In determining whether a complaint fails to state a claim, the Court uses the same pleading standard used under Federal Rule of Civil Procedure 8(a). A complaint must contain “a short and plain statement of the claim showing that the pleader is entitled to relief. . . .” Fed.R.Civ.P. 8(a)(2). Detailed factual allegations are not required, but “[t]hreadbare recitals of the elements of a cause of action, supported by mere conclusory statements, do not suffice.” Ashcroft v. Iqbal, 556 U.S. 662, 678 (2009) (citing Bell Atlantic Corp. v. Twombly, 550 U.S. 544, 555 (2007)).

In reviewing the pro se complaint, the Court is to liberally construe the pleadings and accept as true all factual allegations contained in the complaint. Erickson v. Pardus, 551 U.S. 89, 94 (2007).

II. ALLEGATIONS IN COMPLAINT

The Court accepts Plaintiff's allegations in the complaint as true only for the purpose of the sua sponte screening requirement under 28 U.S.C. § 1915.
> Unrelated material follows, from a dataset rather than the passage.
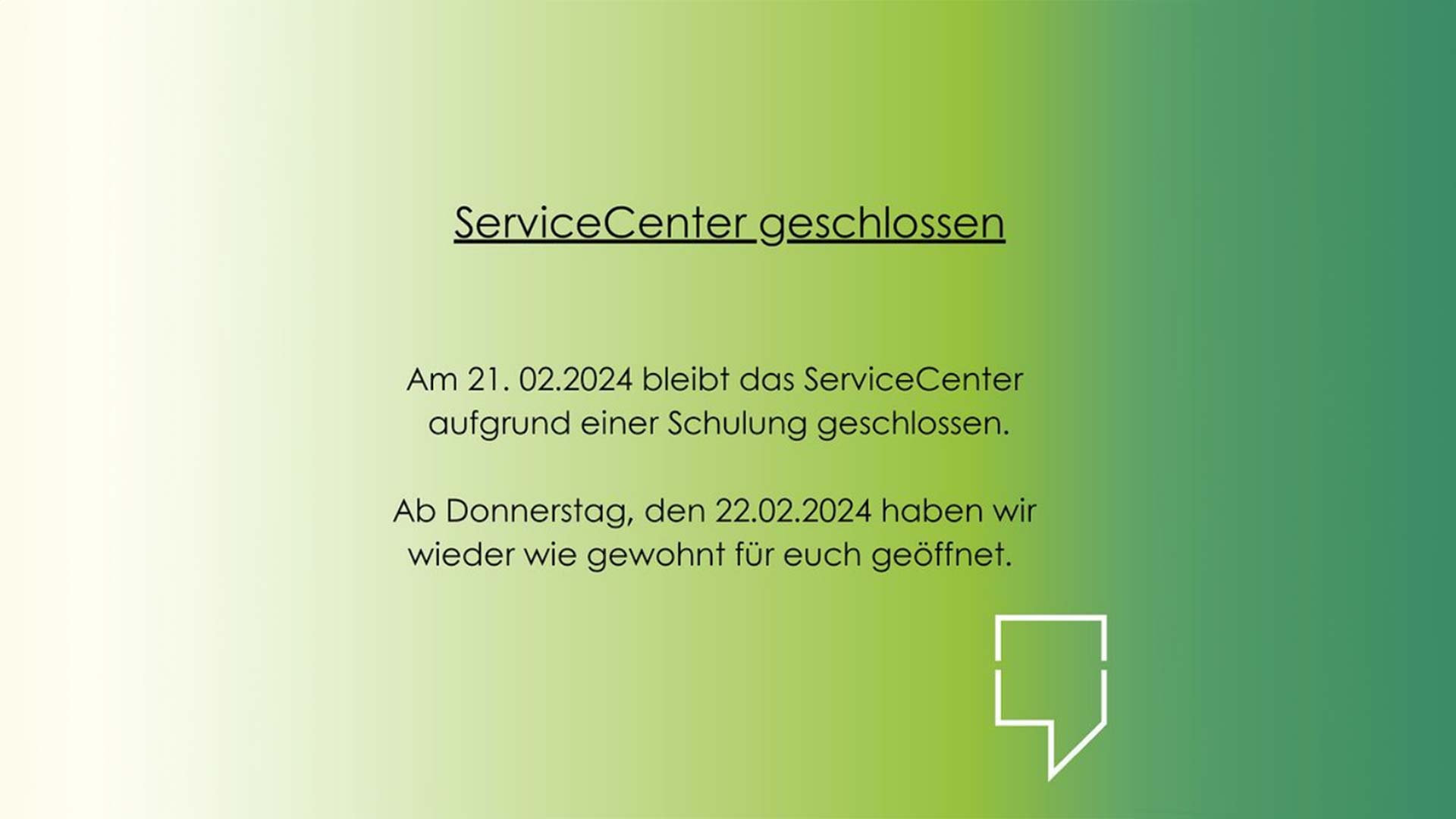 Am Mittwoch, den 21. Februar bleibt das ServiceCenter geschlossen

Plaintiff brings this action against Rushmore Loan Management Services on the basis of federal question and diversity jurisdiction. (Compl. 3, 4.) Plaintiff alleges that he is a citizen of California and that Rushmore Loan Management Services is a corporation under the laws of Texas with its principal place of business in Texas. (Id.) Plaintiff alleges that due to the mortgage disaster around 2011 the note and deed of trust have taken “divergent paths” causing a cloud on the title to property at 74507 Letzring Lane in Bakersfield, California. (Id. at 4.) Plaintiff has been suffering from prostate and spinal cancer for the past year and has been in and out of surgery, chemotherapy, radiation treatment, and on heavy pain medication. (Id.) Plaintiff contends that there have been improper mortgage company procedures, both servicing through an independent broker and otherwise, and improper noticing of the mortgage note and deed activities. (Id. at 4-5.) He asserts that due to the cloud on the title of the property there is no definitive claim of ownership of the note because of the divergent paths taken by the note and deed of trust. (Id. at 5.) Plaintiff asserts that since there is no valid trustee deed Defendant's claim to the property is null and void. (Id.)
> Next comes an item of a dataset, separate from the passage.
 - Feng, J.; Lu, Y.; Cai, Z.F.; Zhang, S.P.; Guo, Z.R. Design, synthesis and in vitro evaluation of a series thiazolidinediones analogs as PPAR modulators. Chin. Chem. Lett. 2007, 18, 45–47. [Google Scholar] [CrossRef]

All references to pagination of specific documents pertain to those as indicated on the upper right corners via the CM/ECF electronic court docketing system.

Plaintiff brings this action alleging violations of 42 U.S.C. § 264(e), 42 C.F.R. § 70.2, 5 U.S.C. § 553(b)(3)(b) and is seeking criminal penalties under 18 U.S.C §§ 3559, 3571; 42 U.S.C. §§ 243, 268, 271; and 42 C.F.R. § 70.18. (Compl. 3.) He also states that the improper mortgage company procedures denied him of due process and this action is for fraud, negligence, and misrepresentation. (Id. at 5.) Plaintiff is seeking monetary and punitive damages in the amount of $400,000.00. (Id.)

Based upon review of the exhibits that are attached to the complaint, the subject property was sold at a trustee sale on November 23, 2020, and the proceeds exceeded the amount of the foreclosure and indebtedness that was owed to the foreclosing beneficiary. (Notice of Surplus Proceeds, ECF No. 1 at 9.) On December 4, 2020, Plaintiff was served with a notice that the property had been purchased at a trust deed foreclosure sale in accordance with section 2924 of the California Civil Code on November 23, 2020 and they had three days if a tenant and ninety days if a former owner to quit and deliver up possession of the property. (Three and Ninety Day Notice to Quit, ECF No. 1 at 14.)

III. DISCUSSION

Plaintiff's complaint fails to allege sufficient facts to state a plausible claim in this action for the reasons discussed below.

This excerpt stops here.